Canadian writer from Quebec (born 1951)

François Gravel (born October 4, 1951) is a Canadian writer from Quebec. Most noted as an author of literature for children and young adults, he has also published a number of adult novels.

An economics graduate of the Université du Québec à Montréal, Gravel taught economics at Cégep Saint-Jean-sur-Richelieu until 2006. He is the partner of writer Michèle Marineau and the father of writer and illustrator Élise Gravel.

His most recent adult novel, À vos ordres, colonel Parkinson!, was inspired by his own recent diagnosis with Parkinson's disease.
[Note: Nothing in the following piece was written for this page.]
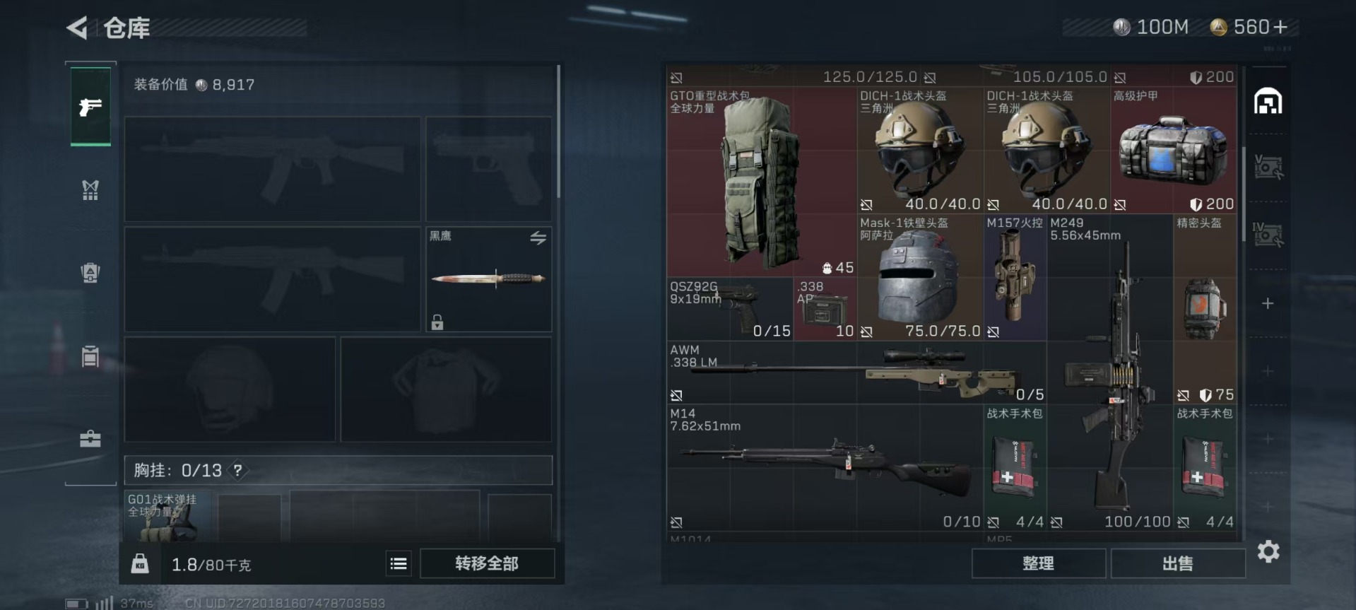 - [11251588]总资产:384 9传说枪械 高级安全箱(9.17到期) 可二次 可修改实名 烽火地带段位:铂金 全面战场段位:列兵 哈夫币:182 传说武器皮肤:QJB201轻机枪-风林火山,AK-12突击步枪-夜鹰,M4A1突击步枪-阿米娅,复合弓-黑-天际线,AWM狙击步枪-捞点薯条,腾龙突击步枪-捞点薯条,93R-捞点薯条,勇士冲锋枪-能天使-午夜邮差,725双管霰弹枪-送葬人-无题密令 史诗武器皮肤:AUG突击步枪-蝮蛇,M700狙击步枪-蝮蛇,SR-25射手步枪-战场英杰,PKM通用机枪-荒野求生,AS Val突击步枪-尖端治疗,M700狙击步枪-守夜人,Ash-12战斗步枪-守夜人,MP5冲锋枪-深海恐惧,勇士冲锋枪-深海恐惧,SG552突击步枪-深海恐惧,AKM突击步枪-林中猎手,SVD狙击步枪-暗夜猎手,M16A4突击步枪-竞赛选手,SVD狙击步枪-荒野求生,M1014霰弹枪-林中猎手,SV-98狙击步枪-林中猎手,PTR-32突击步枪-英雄,PSG-1射手步枪-无垢,M250通用机枪-囚徒,腾龙突击步枪-无垢,MP7冲锋枪-无垢,QBZ95-1突击步枪-曙光,沙漠之鹰-曙光,SVD狙击步枪-阿萨拉工艺,S12K霰弹枪-曙光
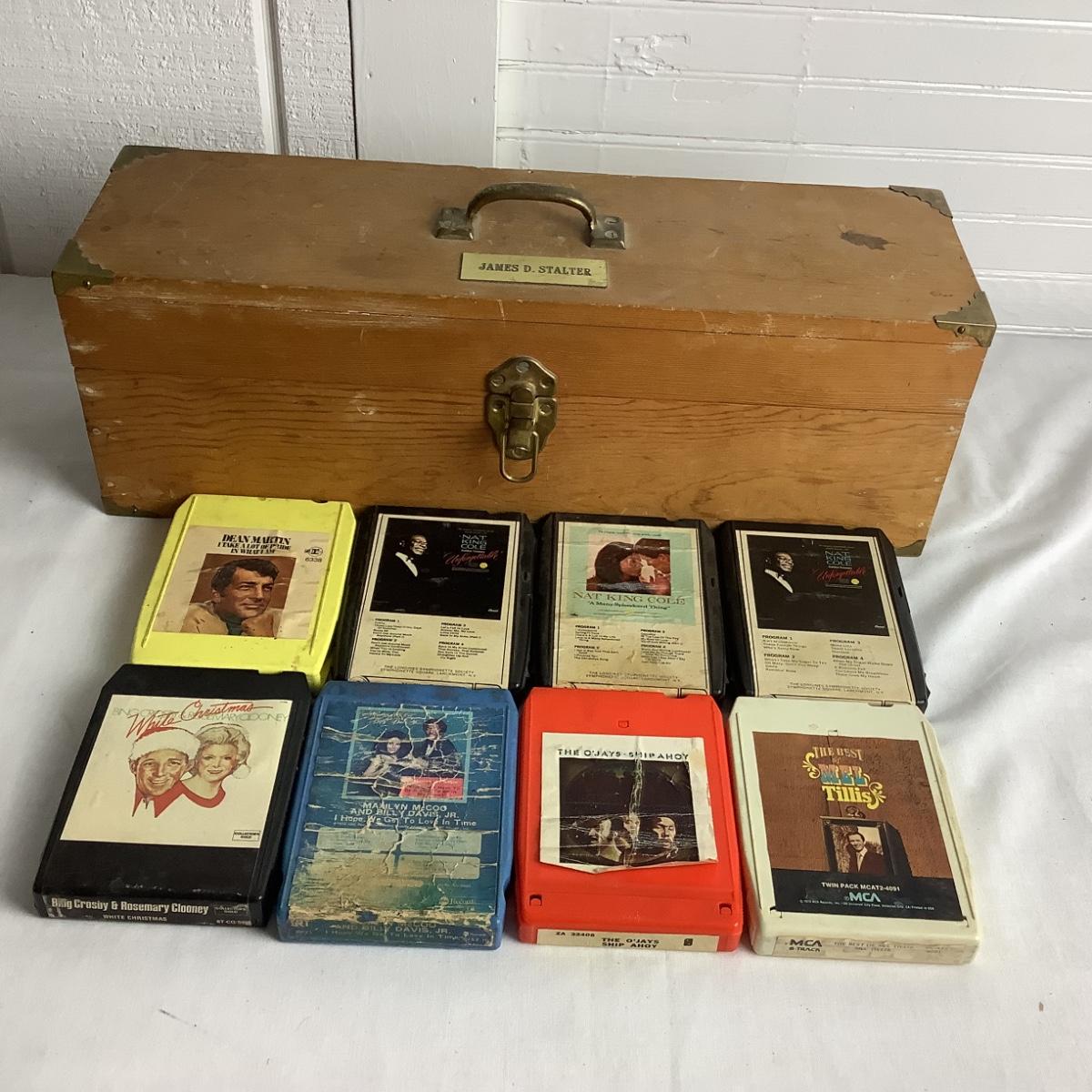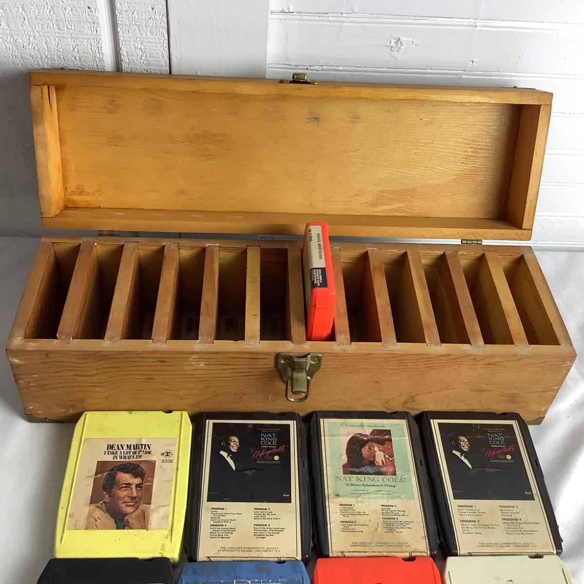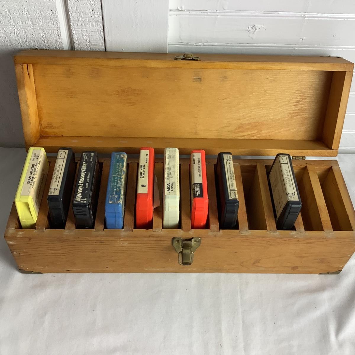 U668 Vintage Hand Crafted Wooden Box & 8 Track Tapes

This book is available in an English translation titled "Colonel Parkinson in Charge: A Wry Reflection on My Incurable Illness" (House of Anansi Press, 2023), translated by Shelley Pomerance.

Many of his works have been translated into English by Sheila Fischman.

==Awards==
He won the Governor General's Award for French-language children's literature at the 1991 Governor General's Awards for Deux heures et demie avant Jasmine. He has been shortlisted for the award five other times: at the 1994 Governor General's Awards for Klonk, at the 2000 Governor General's Awards for L'été de la moustache, at the 2002 Governor General's Awards for David et la maison de la sorcière, at the 2008 Governor General's Awards for Sales crapauds and at the 2012 Governor General's Awards for Hò.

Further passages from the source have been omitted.